# *ScullsMcNasty kills a BIG one in Illinois :)



## BRANDYNiCOLE (Dec 1, 2007)

*I'm Ryan's (ScullsMcNasty) girlfriend & I am sooo proud to let everyone knowthat he killed a big ol' buck in Illinois this morning! I'm sure it was the happiest day of his entire life & I am thrilled for him & wanted to share it with all of y'all... just wish I coulda been there to experience it with him! He doesn't have internet up there, so I figured I could post this for him... story/details to follow when he gets back home! 

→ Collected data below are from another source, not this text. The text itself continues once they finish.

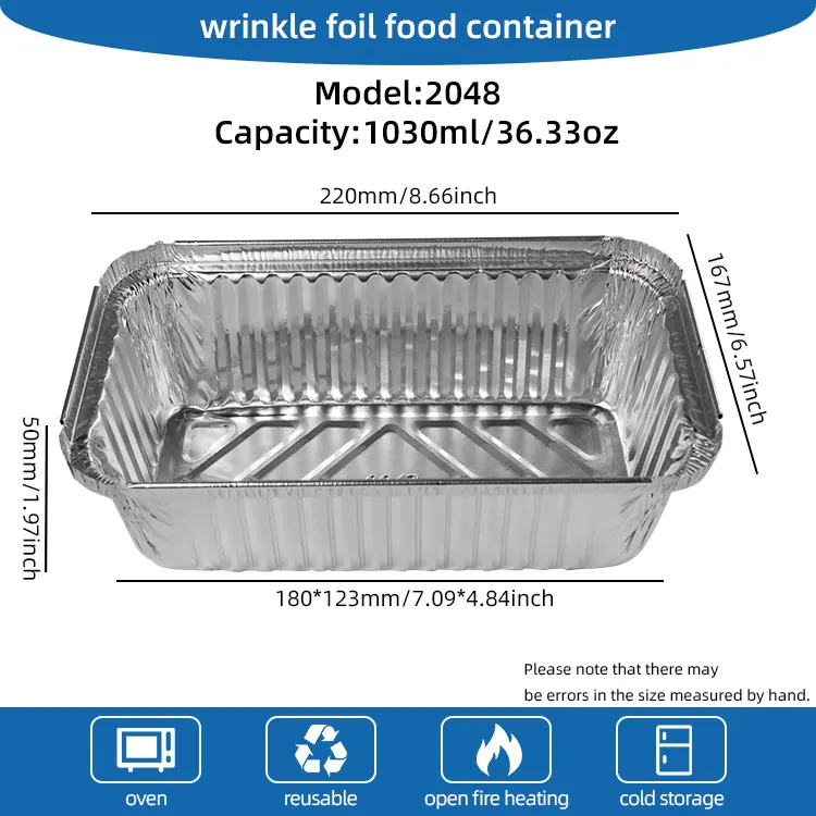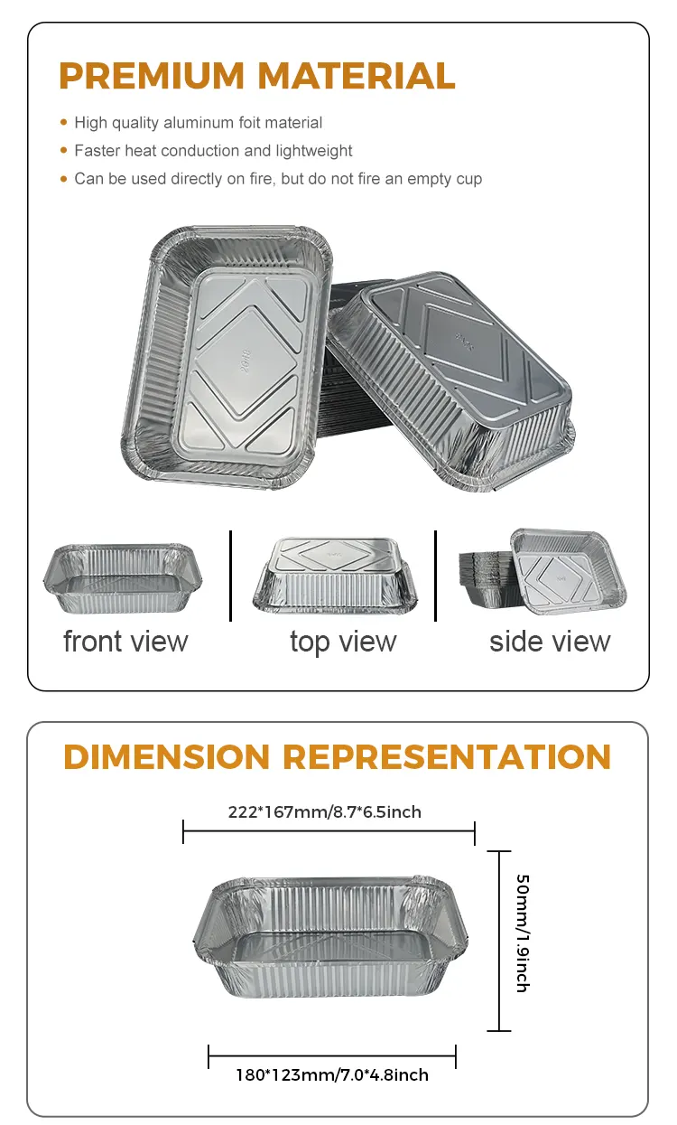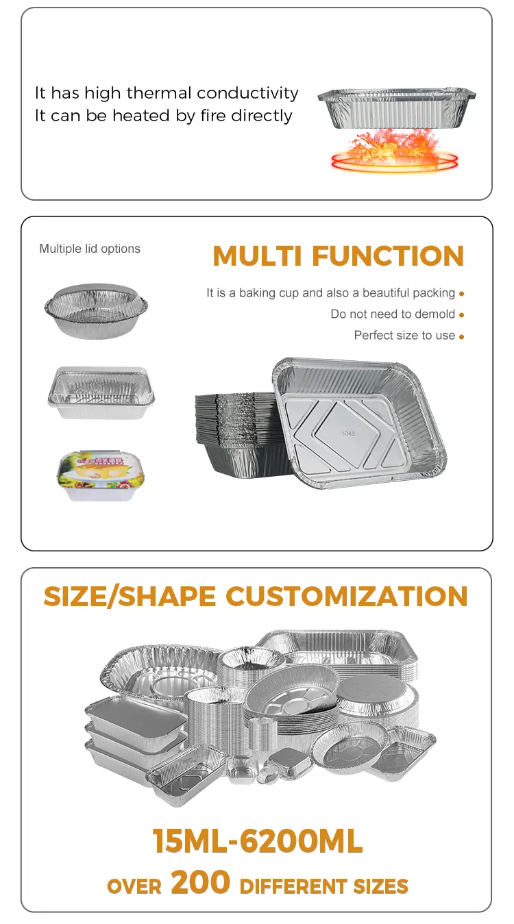 Кутија за ручак од сребрне алуминијумске фолије за једнократну употребу фабрике алуминијумске фолије Иунцху је погодна за већину сцена, било да се ради о ресторану са роштиљем, западном ресторану, ресторану домаће кухиње или пекари, ова кутија за ручак од сребрне алуминијумске фолије може побољшати ефикасност. Роштиљ ресторани могу директно да га користе за сервирање ражњића на жару, поврћа на жару и морских плодова са роштиља. Сребрни изглед је упарен са мирисним састојцима. Има пун визуелни утицај и привлачи погледе када се служи. Дизајн без чишћења смањује оптерећење прања посуђа у кухињи и штеди трошкове рада. Посебно је погодан за брзе оброке у време највећег обедовања. Пекаре га користе за послуживање печених колача, колача од јаја и кекса. Могу се пећи директно у рерни и не морају да се пеку након печења. Мењање тањира и њихово директно стављање на продају је погодно уз одржавање температуре и облика десерта; домаћи ресторани се могу користити за понети, а дизајн који не пропушта цурење може ефикасно спречити проливање супе. Очување топлоте алуминијумске фолије може продужити време константне температуре хране. За камповање, пикнике, роштиљање на отвореном и проблеме са ношењем гломазног посуђа и чишћењем после јела, ова кутија за ручак од алуминијумске фолије за једнократну употребу савршено решава болне тачке путовања на отвореном. Материјал је танак и лаган и лако се складишти. Може се склопити и слагати по жељи, не заузима простор у вашем ранцу и олакшава ношење.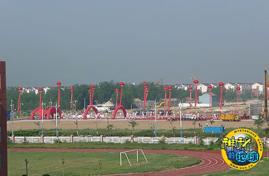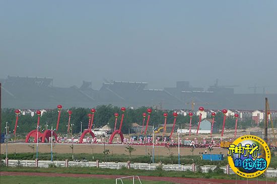 从画面大家上可以看到,悬挂着红色拱门和气球,正待施工的场地上空,一撞撞高大建筑清晰可见,建筑物顶部一个个排列整齐的太阳能热水器仿佛就在眼前。从形状上看,空中出现的景物酷似一个居民小区,大约3分钟左右,工地上方出现的景象逐渐消失。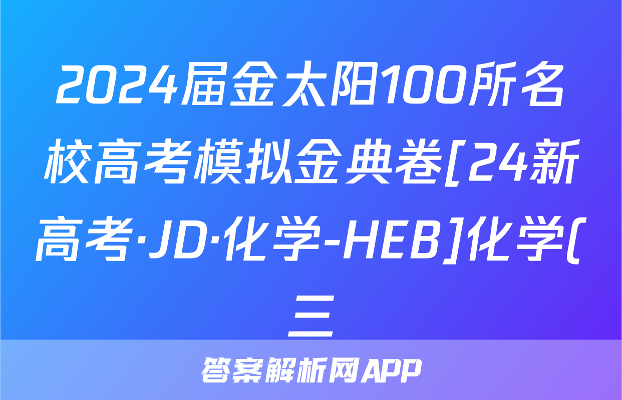 2024届金太阳100所名校高考模拟金典卷[24新高考·JD·化学-HEB]化学(三)3答案,目前2025-2026衡水金卷答案网已经汇总了2024届金太阳100所名校高考模拟金典卷[24新高考·JD·化学-HEB]化学(三)3答案的各科答案和试卷,获取更多{{papers_name}}答案解析,请在关注本站。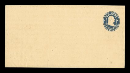 1374 ogc W20 var. image#W20 var., 1c Blue on buff, star die, die 12, knife W1A, variety without watermark, attractive entire wrapper with particularly deep imprint color and highly detailed embossing, tiny mounting thin on the reverse, very fine; the unwatermarked variety is considerably scarcer than the normal wrapper and valued at four times the normal in UPSS (UPSS #36). (Image) UPSS $400.00

200lb, 130-135 inch 8 point in Cooperstown, IL



















*so, so, so proud of my baby!!!


----------



## Splittine (Nov 24, 2007)

Dammit man, I was fixing to text him to see if he killed anything. Congrats man.


----------



## shanester (May 20, 2008)

way to go little brother, thats a stud for sure.


----------



## chris592 (Jul 5, 2008)

Maybe wes will get luckey to


----------



## Captain Woody Woods (Oct 2, 2007)

PRETTY sure that guy next to him left his blue man thongs in my overnight bag...


----------



## Huntinman (Aug 12, 2008)

Nicely done Ryan, thats a Stud!!! Congrats!!


----------



## CHUMM BUCKET (Jul 2, 2008)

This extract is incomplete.